▶ [What the exercise asks] Return every line of the records, exact and in full, until you have returned the line with "Gottesdienst mit anschließender", and include none of the pictures.

^^^^

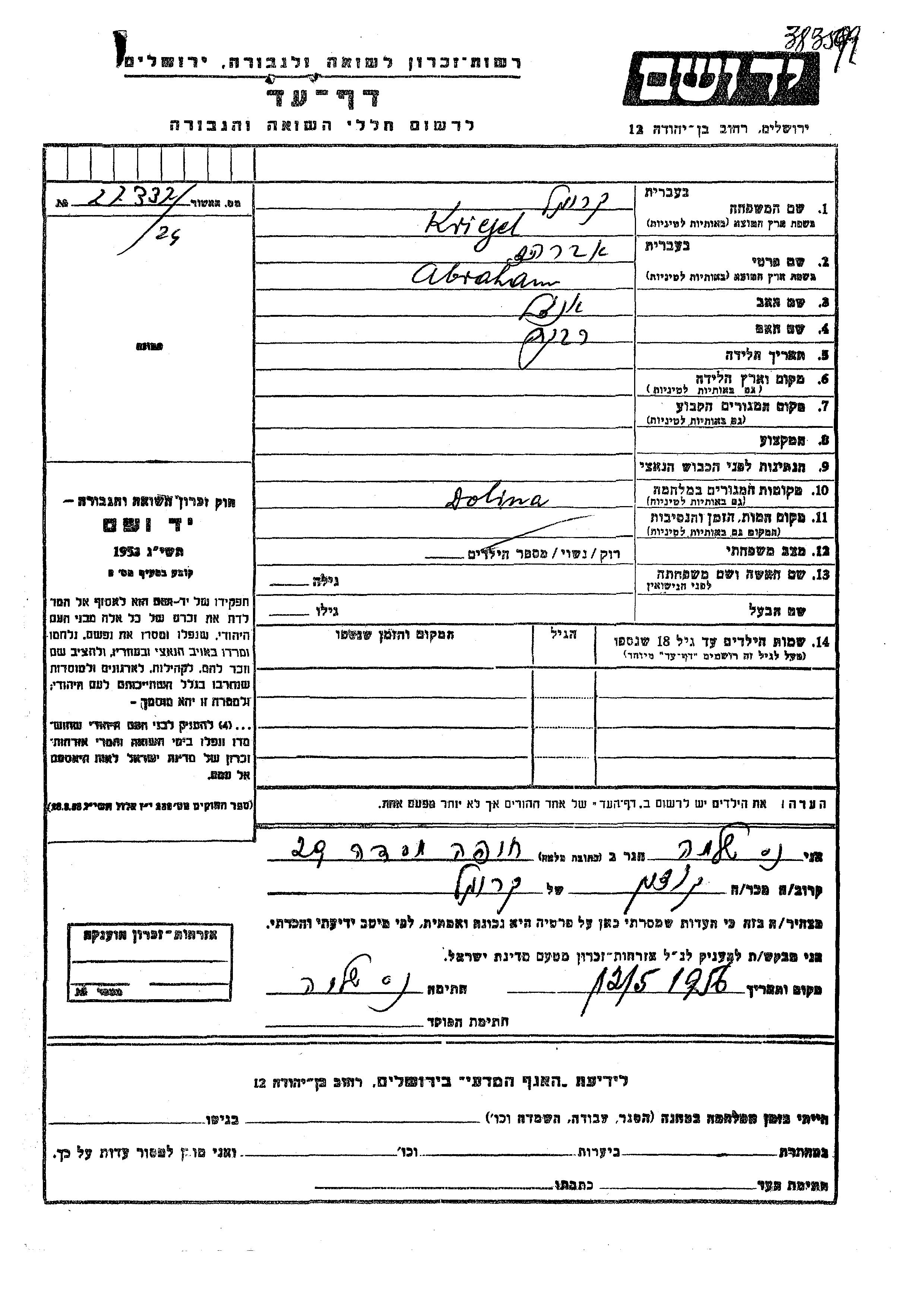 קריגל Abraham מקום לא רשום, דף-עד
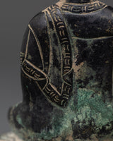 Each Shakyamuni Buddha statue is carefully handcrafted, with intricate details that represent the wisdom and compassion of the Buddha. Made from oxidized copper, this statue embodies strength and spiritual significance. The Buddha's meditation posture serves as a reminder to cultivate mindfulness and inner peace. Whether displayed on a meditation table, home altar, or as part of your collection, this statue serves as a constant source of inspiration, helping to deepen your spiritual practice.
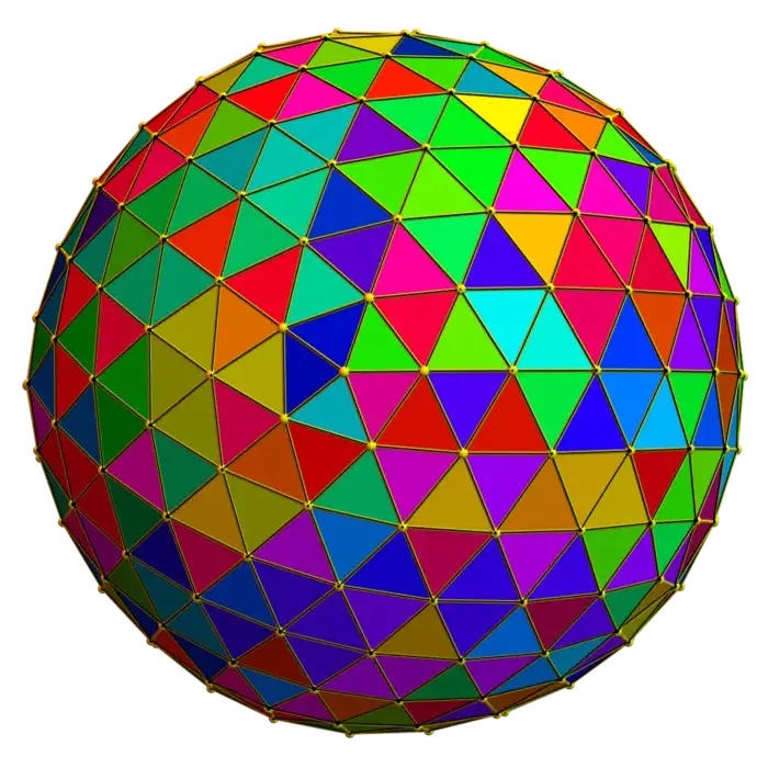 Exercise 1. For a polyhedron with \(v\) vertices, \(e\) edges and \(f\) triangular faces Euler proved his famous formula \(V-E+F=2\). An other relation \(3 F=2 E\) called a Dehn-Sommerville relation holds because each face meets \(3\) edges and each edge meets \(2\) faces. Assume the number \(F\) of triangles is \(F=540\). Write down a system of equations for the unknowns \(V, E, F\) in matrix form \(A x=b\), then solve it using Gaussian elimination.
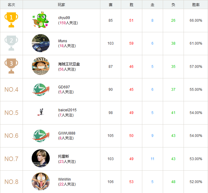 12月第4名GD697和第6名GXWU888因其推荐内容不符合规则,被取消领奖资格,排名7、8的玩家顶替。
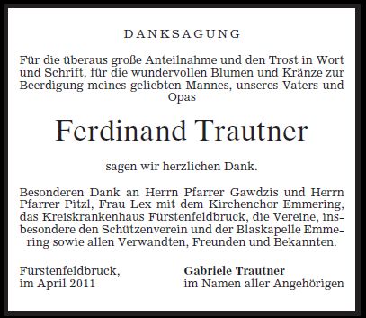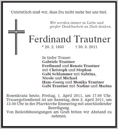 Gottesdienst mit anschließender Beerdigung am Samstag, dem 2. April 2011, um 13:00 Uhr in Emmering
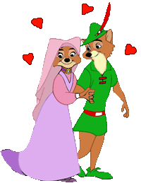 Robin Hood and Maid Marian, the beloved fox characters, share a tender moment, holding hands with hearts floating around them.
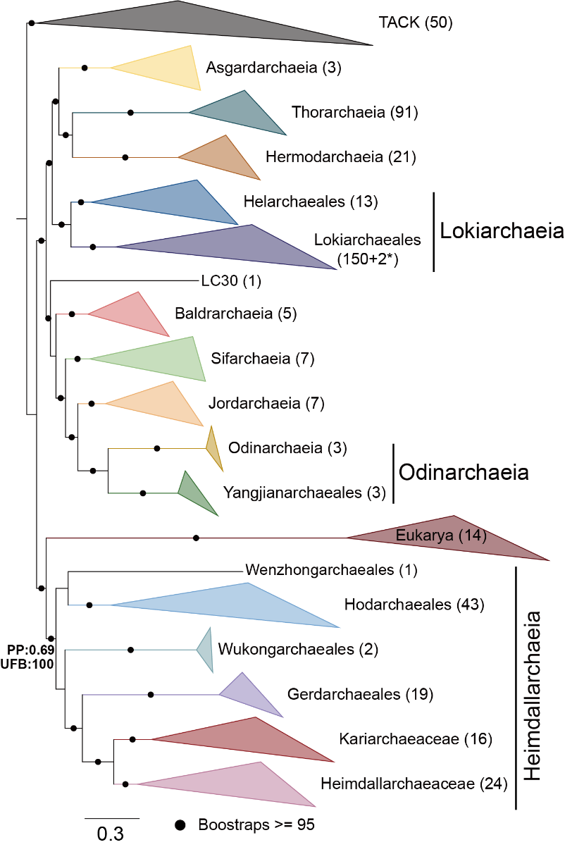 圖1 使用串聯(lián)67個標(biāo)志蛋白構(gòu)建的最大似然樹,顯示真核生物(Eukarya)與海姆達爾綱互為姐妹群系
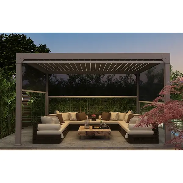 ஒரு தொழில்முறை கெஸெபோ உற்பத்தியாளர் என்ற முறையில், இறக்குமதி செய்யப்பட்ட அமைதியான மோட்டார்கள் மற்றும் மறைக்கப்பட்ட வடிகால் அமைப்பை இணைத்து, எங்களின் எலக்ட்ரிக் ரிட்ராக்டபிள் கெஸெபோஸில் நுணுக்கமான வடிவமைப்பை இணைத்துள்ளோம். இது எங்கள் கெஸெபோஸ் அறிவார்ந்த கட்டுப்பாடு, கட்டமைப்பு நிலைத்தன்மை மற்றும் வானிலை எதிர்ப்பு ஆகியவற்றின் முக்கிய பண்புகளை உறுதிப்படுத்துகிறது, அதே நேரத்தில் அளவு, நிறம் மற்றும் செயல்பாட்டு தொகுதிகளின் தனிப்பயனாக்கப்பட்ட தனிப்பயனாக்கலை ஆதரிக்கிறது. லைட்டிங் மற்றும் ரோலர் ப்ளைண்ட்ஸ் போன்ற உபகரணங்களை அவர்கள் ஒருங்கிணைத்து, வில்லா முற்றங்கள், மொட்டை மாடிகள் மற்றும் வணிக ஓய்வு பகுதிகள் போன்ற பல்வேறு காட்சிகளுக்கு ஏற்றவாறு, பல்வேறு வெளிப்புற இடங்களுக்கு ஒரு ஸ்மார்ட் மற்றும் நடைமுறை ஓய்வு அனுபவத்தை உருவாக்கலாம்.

^^^^

▶ [Answer for this exercise]
 קריגל Abraham מקום לא רשום, דף-עד
 Each Shakyamuni Buddha statue is carefully handcrafted, with intricate details that represent the wisdom and compassion of the Buddha. Made from oxidized copper, this statue embodies strength and spiritual significance. The Buddha's meditation posture serves as a reminder to cultivate mindfulness and inner peace. Whether displayed on a meditation table, home altar, or as part of your collection, this statue serves as a constant source of inspiration, helping to deepen your spiritual practice.
 Exercise 1. For a polyhedron with \(v\) vertices, \(e\) edges and \(f\) triangular faces Euler proved his famous formula \(V-E+F=2\). An other relation \(3 F=2 E\) called a Dehn-Sommerville relation holds because each face meets \(3\) edges and each edge meets \(2\) faces. Assume the number \(F\) of triangles is \(F=540\). Write down a system of equations for the unknowns \(V, E, F\) in matrix form \(A x=b\), then solve it using Gaussian elimination.
 12月第4名GD697和第6名GXWU888因其推荐内容不符合规则,被取消领奖资格,排名7、8的玩家顶替。
 Gottesdienst mit anschließender Beerdigung am Samstag, dem 2. April 2011, um 13:00 Uhr in Emmering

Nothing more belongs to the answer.